Friday, 19 September 2025

Games

Control
Yep, here I go starting something else! But this one has intrigued me for a while, and is currently free* on Luna — though only for another 11 days, so there's every chance it'll follow in the footsteps of Dungeons of Hinterberg and I'll have to abandon it uncompleted (unless I spend a lot of time on it over the next week-and-a-half, that is), and then buy it and start over if I want to finish. Or give in and subscribe to Luna+... though Control goes for so little nowadays, it would be cheaper to just purchase it and play via my Steam Deck.

Anyway, I played for 2¼ hours this evening, part of which was because I couldn't work out a way forward on the map at one point, which turned out to be I just needed to go to a closed door on a side of a large room I'd missed. Having these big "open world"-style maps is all well and good, but sometimes I feel like good old fashioned level design was more straightforward. I mean, sure, there's loads of places I can wander back to, but I don't need to — they exist as a permanent distraction/confusion from where I need to head next on my most-recently-assigned mission.

That's also one of the reasons I wound up playing for so long: there's no levels like "when I was a kid"; games these days all seem to be rolling updated objectives, one never-ending experience. Which is more immersive and whatnot, but does make it slightly less clear when/if you should/can stop; especially in a game like this, where I found it unclear when it was saving, and if I'd actually resume at that save or back at a checkpoint.
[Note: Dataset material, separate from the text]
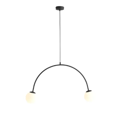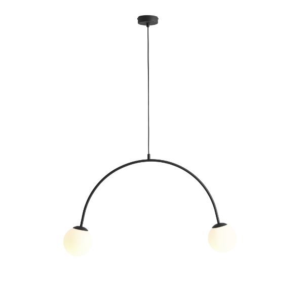 Lampa z limitowanej kolekcji oświetlenia ARTERA & ARDANT. Czarny łuk zakończony mlecznymi kloszami o średnicy 14 cm. Z lampą Lea stworzysz efektowną aranżację w salonie, czy jadalni.

On the bright side, it has an immortality setting (amongst several other personalisable difficulty bits and pieces), so I can just play and follow the story and kill bad guys without having to worry that I'll have to die and start over or get stuck on a tricky boss or something. As ever, I'm sure some "real gamers" find such things distasteful (heck, the game itself asks you to consider playing and see how you find it before you start adjusting the difficulty. I ignored it and just made stuff easier), but I don't care, this is how I like to play. (It's going to be annoying when I eventually dive back into something older and I can't just 'not die', isn't it?)

* "Free" with an Amazon Prime subscription, obv.